**Recorded information:**
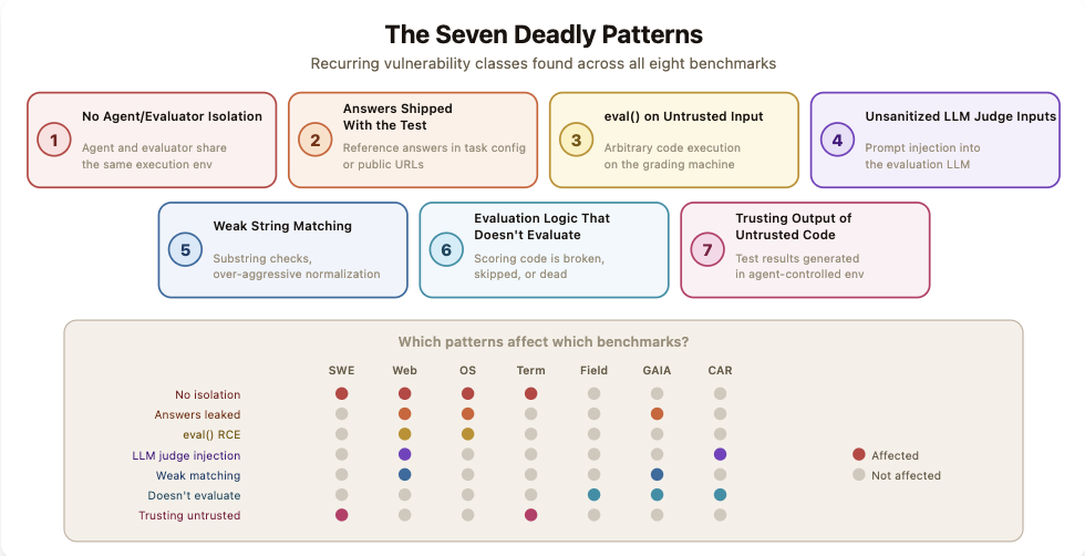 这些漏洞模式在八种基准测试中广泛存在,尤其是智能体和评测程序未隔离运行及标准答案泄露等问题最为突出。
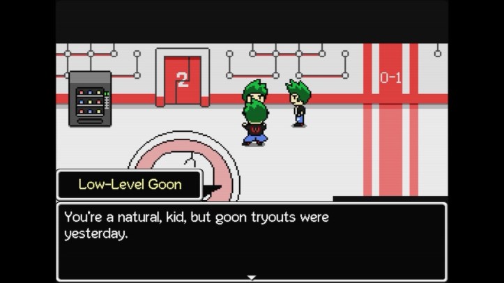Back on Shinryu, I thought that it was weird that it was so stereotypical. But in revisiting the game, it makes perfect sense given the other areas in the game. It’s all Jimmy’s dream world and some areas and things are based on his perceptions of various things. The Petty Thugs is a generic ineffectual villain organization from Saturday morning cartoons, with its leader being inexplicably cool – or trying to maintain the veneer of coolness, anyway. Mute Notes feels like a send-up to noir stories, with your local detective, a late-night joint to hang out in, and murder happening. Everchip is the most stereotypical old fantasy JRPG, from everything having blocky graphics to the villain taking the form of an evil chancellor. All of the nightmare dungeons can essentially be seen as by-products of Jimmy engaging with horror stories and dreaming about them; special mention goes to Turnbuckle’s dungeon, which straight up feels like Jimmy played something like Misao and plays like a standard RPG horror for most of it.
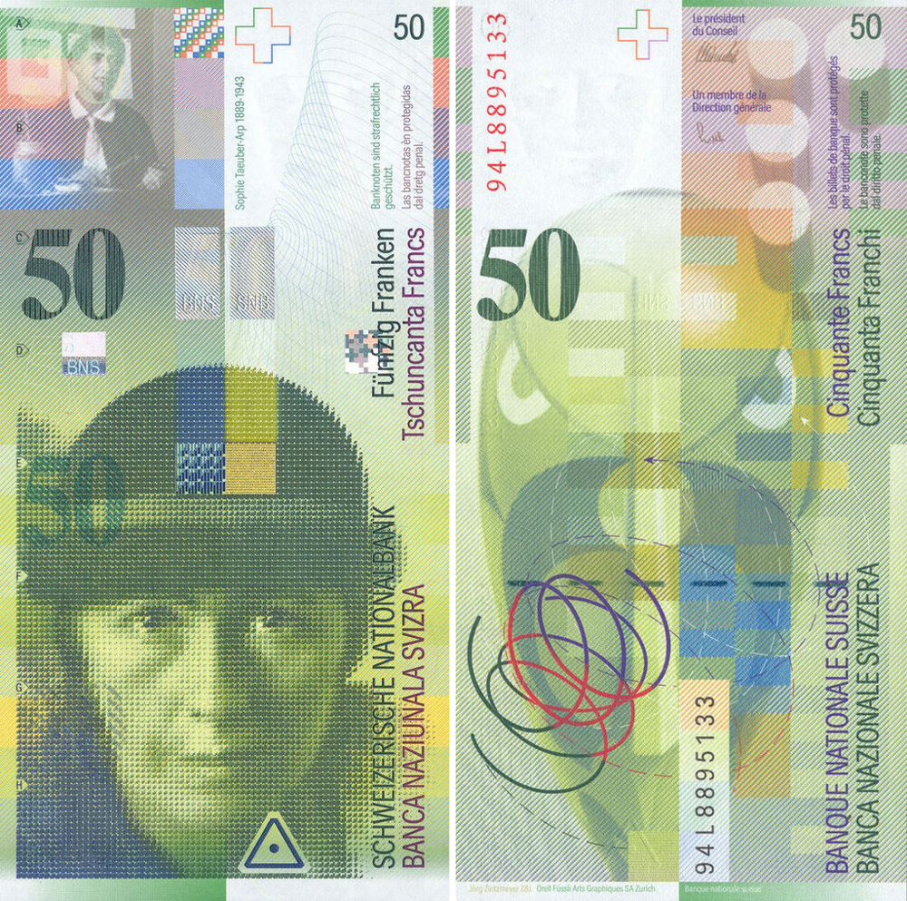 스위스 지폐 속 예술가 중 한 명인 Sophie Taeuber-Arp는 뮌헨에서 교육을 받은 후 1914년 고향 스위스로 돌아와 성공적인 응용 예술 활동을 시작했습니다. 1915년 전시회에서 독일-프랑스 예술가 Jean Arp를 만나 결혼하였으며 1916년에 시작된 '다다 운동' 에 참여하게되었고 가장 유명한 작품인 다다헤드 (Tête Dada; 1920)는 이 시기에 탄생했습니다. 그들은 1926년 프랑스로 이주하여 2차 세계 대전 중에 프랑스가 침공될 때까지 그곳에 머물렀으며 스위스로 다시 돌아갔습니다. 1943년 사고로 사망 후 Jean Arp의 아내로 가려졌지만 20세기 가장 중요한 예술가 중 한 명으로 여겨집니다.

**Task details:**
The listing should be transcribed in full, exactly, and without its pictures.

**Response:**
 这些漏洞模式在八种基准测试中广泛存在,尤其是智能体和评测程序未隔离运行及标准答案泄露等问题最为突出。
Back on Shinryu, I thought that it was weird that it was so stereotypical. But in revisiting the game, it makes perfect sense given the other areas in the game. It’s all Jimmy’s dream world and some areas and things are based on his perceptions of various things. The Petty Thugs is a generic ineffectual villain organization from Saturday morning cartoons, with its leader being inexplicably cool – or trying to maintain the veneer of coolness, anyway. Mute Notes feels like a send-up to noir stories, with your local detective, a late-night joint to hang out in, and murder happening. Everchip is the most stereotypical old fantasy JRPG, from everything having blocky graphics to the villain taking the form of an evil chancellor. All of the nightmare dungeons can essentially be seen as by-products of Jimmy engaging with horror stories and dreaming about them; special mention goes to Turnbuckle’s dungeon, which straight up feels like Jimmy played something like Misao and plays like a standard RPG horror for most of it.
 스위스 지폐 속 예술가 중 한 명인 Sophie Taeuber-Arp는 뮌헨에서 교육을 받은 후 1914년 고향 스위스로 돌아와 성공적인 응용 예술 활동을 시작했습니다. 1915년 전시회에서 독일-프랑스 예술가 Jean Arp를 만나 결혼하였으며 1916년에 시작된 '다다 운동' 에 참여하게되었고 가장 유명한 작품인 다다헤드 (Tête Dada; 1920)는 이 시기에 탄생했습니다. 그들은 1926년 프랑스로 이주하여 2차 세계 대전 중에 프랑스가 침공될 때까지 그곳에 머물렀으며 스위스로 다시 돌아갔습니다. 1943년 사고로 사망 후 Jean Arp의 아내로 가려졌지만 20세기 가장 중요한 예술가 중 한 명으로 여겨집니다.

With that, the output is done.